Sedangkan kondisi perbankan saat ini lebih baik dibandingkan saat krisis ekonomi yang
terjadi pada 1998 maupun saat terjadinya taper tantrum 2008. Hal ini tercermin dari masih
longgarnya likuiditas perbankan di dalam negeri.Deputi Gubernur Bank Indonesia Destry
Damayanti mengatakan kecukupan rasio modal perbankan pun masih cukup di tengah
pandemi Covid-19. "Saat ini jadi banyak orang khawatir dengan perbankan, kalau dilihat
secara industri, kondisi kita jauh lebih baik dibandingkan 97-98 ataupun 2008,” ujarnya
‘Peran Perbankan Memulihkan Perekonomian Saat New Normal,’ Jumat (17/7) Berdasarkan
data Otoritas Jasa Keuangan (OJK) per Mei 2020, rasio kecukupan permodalan (CAR)
perbankan sebesar 22,16 persen atau di atas ketentuan yang sebesar delapan persen.
Hingga 17 Juni, rasio alat likuid/non-core deposit dan alat likuid/DPK terpantau pada level
123,2 persen dan 26,2 persen jauh di atas threshold masing-masing sebesar 50 persen dan
10 persen. Menurutnya saat ini bank sentral telah menurunkan suku bunga acuan 175 basis
poin ke level empat persen. Meskipun kata Destry, penurunan bunga acuan ini belum
direspons cepat oleh perbankan. "Kita sejauh ini sudah menurunkan 175 basis poin, tapi
memang transmisi di perbankannya masih lambat, jadi kita sudah menurunkan 175 bps tapi
suku bunga kredit baru turun sekitar 74 basis poin. Dan banknya juga masih keberatan
untuk memberikan pinjaman, karena melihat risiko,” jelasnya. Ke depan pihaknya bersama
pemerintah berupaya memberikan stimulus berupa program penjaminan agar penyaluran
kredit semakin berjalan. Tak hanya itu, pemerintah juga telah menempatkan dana pada
Himpunan Bank Milik Negara (Himbara) demi pemulihan ekonomi nasional. “Jadi kita mau
tidak mau harus menghadapi situasi yang berbeda, kita harus mempersiapkan kondisi new
normal jadi bisnis as usual mode harus kita tinggalkan karena kita enggak tahu bottom-nya
di mana untuk Covid-19 ini,” Sementara Kepala Ekonom BNI Ryan Kiryanto menambahkan
bauran kebijakan yang baik dan konstruktif dari Kementerian Keuangan, Bank Indonesia,
dan Otoritas Jasa Keuangan (OJK) menjadi stimulus yang tepat untuk perbankan nasional,
sehingga dorongan untuk ekspansi bisa diwujudkan.
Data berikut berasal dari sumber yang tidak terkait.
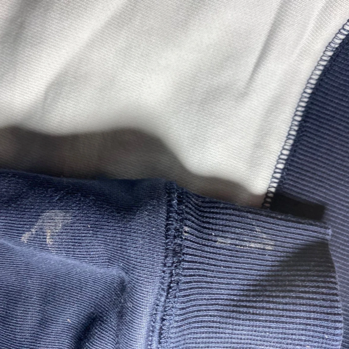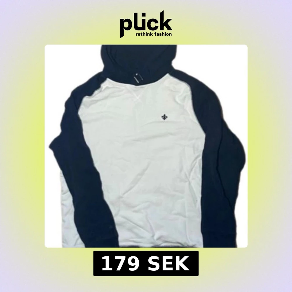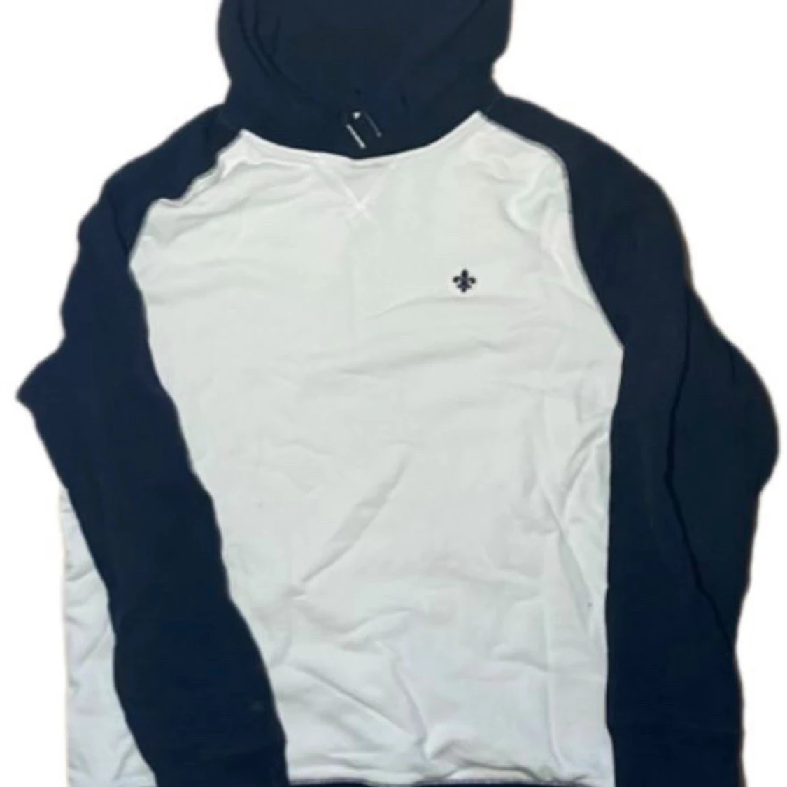 Snygg hoodie med vit kropp och marinblå ärmar samt huva. Liten svart emblem på bröstet ger en clean look. Tröjan har långa ärmar och ribbade muddar. Perfekt för chill dagar och streetstyle. Materialet känns mjukt och skönt mot huden.
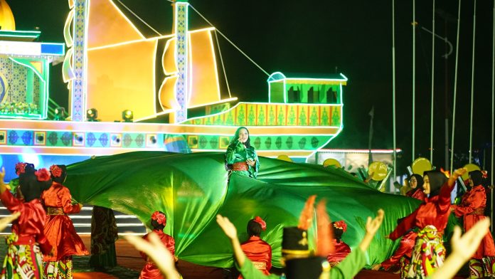 HARAPANMEDIA.COM, LINGGA– Penampilan tari tradisional atau tari kolosal di akhir acara, memeriahkan pembukaan ajang Seleksi Tilawatil Qur’an dan Hadits atau STQH tingkat Kabupaten Lingga, Daik, Minggu (5/3/2023). Tarian kreasi ini berjudul ‘Pasal Yang Pertama’.
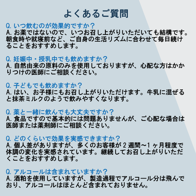 ノンアルコール・無添加なので、ご家族全員で安心してお楽しみいただける「日本のスーパーフード」です。
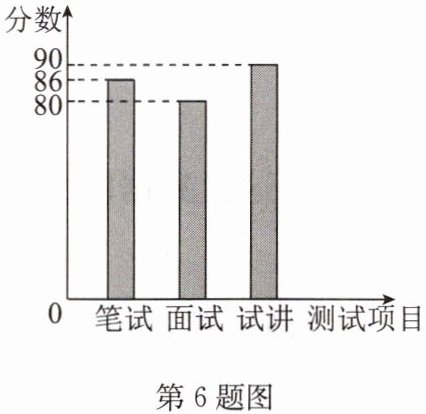 6. (2024·德阳)某校拟招聘一名优秀的数学教师,设置了笔试、面试、试讲三项水平测试,综合成绩按照笔试占30%,面试占30%,试讲占40%进行计算,小徐的三项测试成绩如图所示,则她的综合成绩为______分.
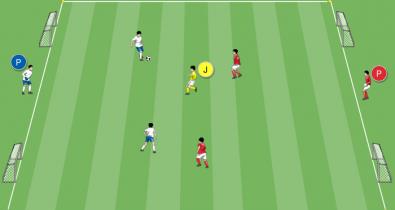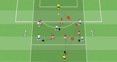 Small-Sided Game para el futbol Base que entrena el desarrollo rápido de la acción mediante desmarques de apoyo y en profundidad.Técnica
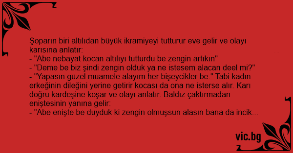 Şoparın biri altılıdan büyük ikramiyeyi tutturur eve gelir ve olayı karısına anlatır:
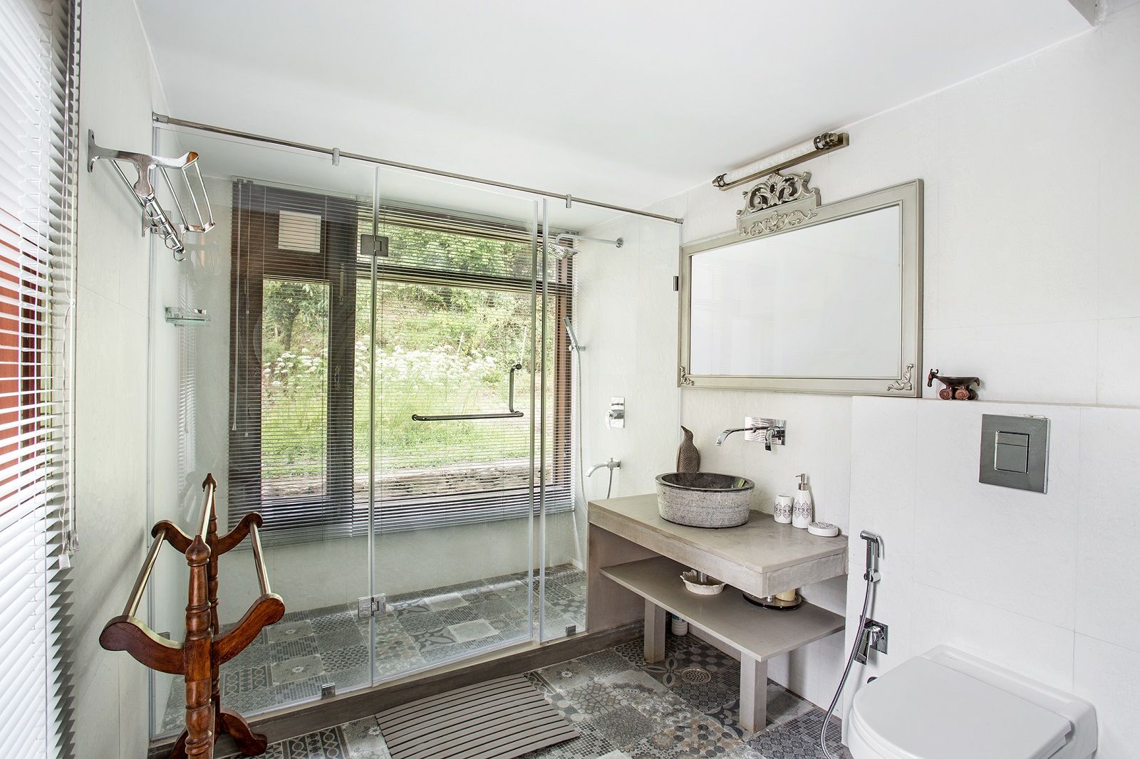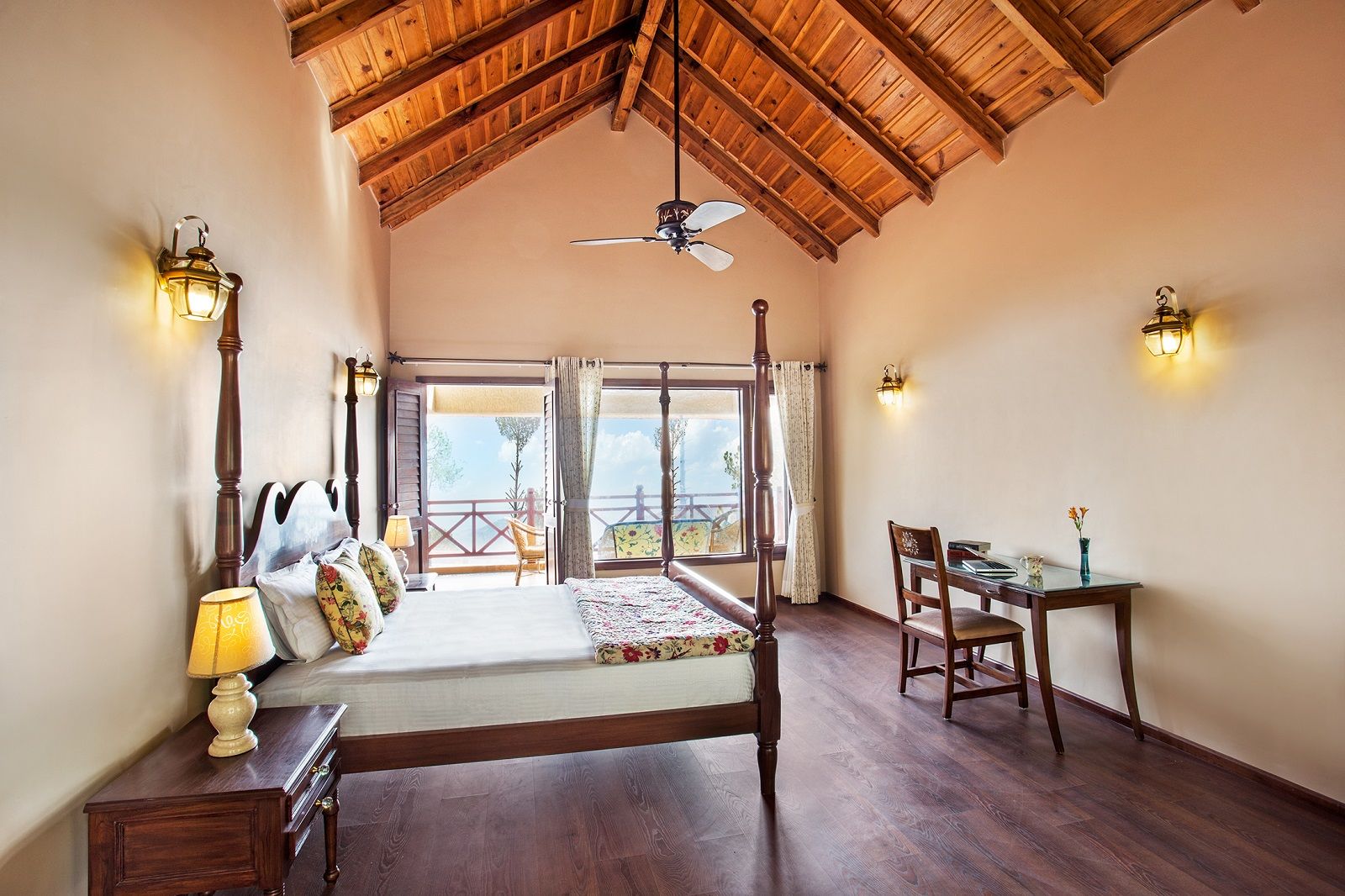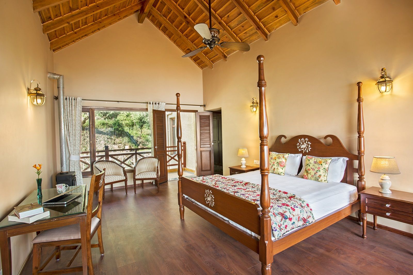 Very large Superking size bed, Flatscreen TV , Extremely spacious room ,Private sit out, Stunning interiors, Sweeping views of the Himalayas. Short flight of stairs to access the living room and gardens.

Melalui kebijakan fiskal, sisi permintaan
diupayakan untuk meningkat, sehingga mendorong permintaan kredit baik kredit modal
kerja, kredit investasi maupun kredit konsumtif.

"Alhasil, pertumbuhan kredit secara tahunan diharapkan bisa meningkat dan fungsi
intermediasi berjalan lebih optimal.